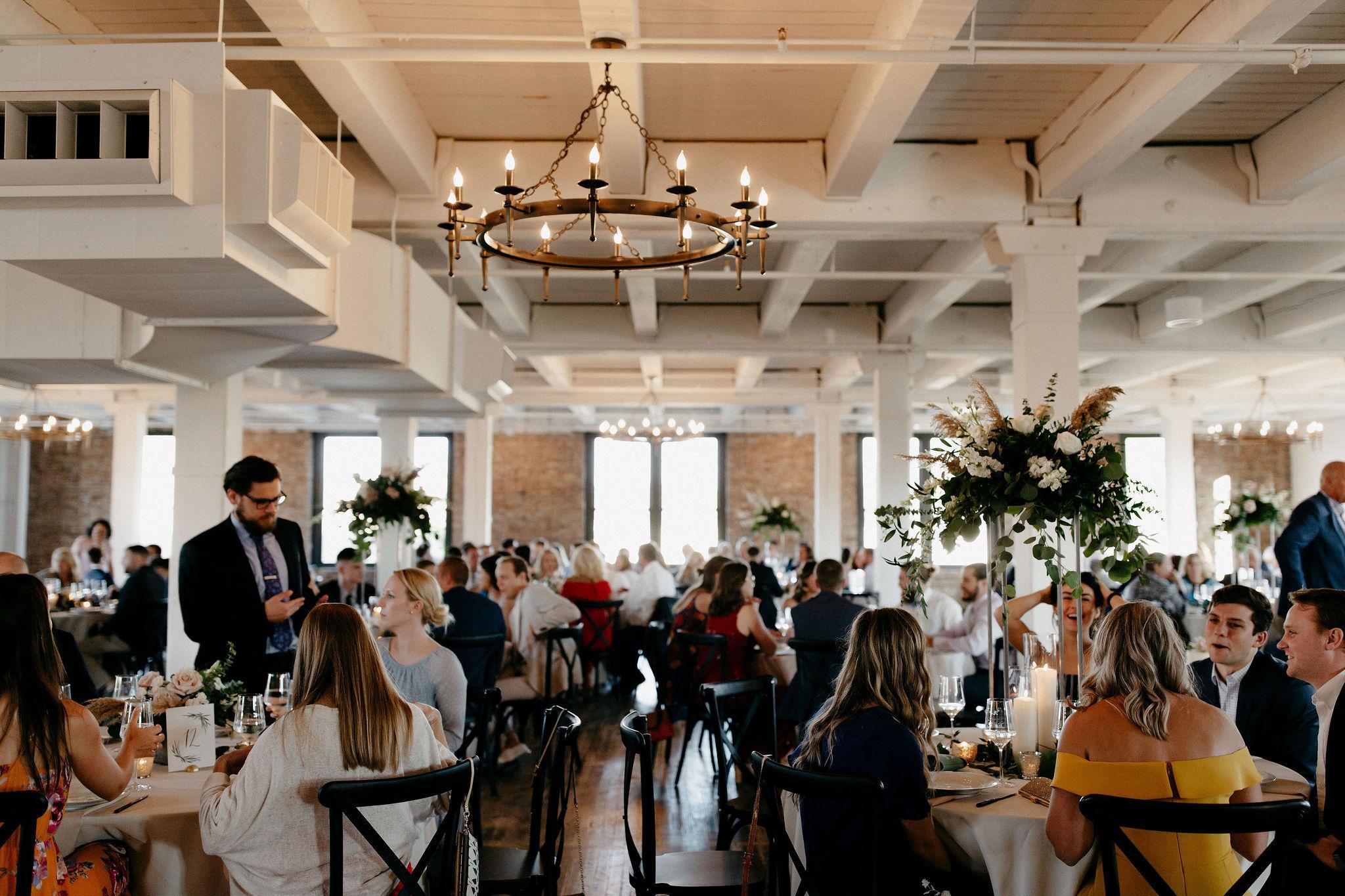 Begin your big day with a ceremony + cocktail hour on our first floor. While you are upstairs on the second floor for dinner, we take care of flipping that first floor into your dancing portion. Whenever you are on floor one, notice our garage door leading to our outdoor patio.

--

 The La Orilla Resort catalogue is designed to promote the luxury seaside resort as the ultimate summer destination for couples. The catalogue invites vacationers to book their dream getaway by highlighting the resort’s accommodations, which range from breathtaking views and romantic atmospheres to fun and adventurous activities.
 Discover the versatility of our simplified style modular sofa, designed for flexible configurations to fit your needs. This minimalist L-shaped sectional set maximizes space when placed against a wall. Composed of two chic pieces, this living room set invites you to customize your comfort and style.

What is expected
Scan the data above for the word "invites". Copy every line in which it is found.

Response area
 The La Orilla Resort catalogue is designed to promote the luxury seaside resort as the ultimate summer destination for couples. The catalogue invites vacationers to book their dream getaway by highlighting the resort’s accommodations, which range from breathtaking views and romantic atmospheres to fun and adventurous activities.
 Discover the versatility of our simplified style modular sofa, designed for flexible configurations to fit your needs. This minimalist L-shaped sectional set maximizes space when placed against a wall. Composed of two chic pieces, this living room set invites you to customize your comfort and style.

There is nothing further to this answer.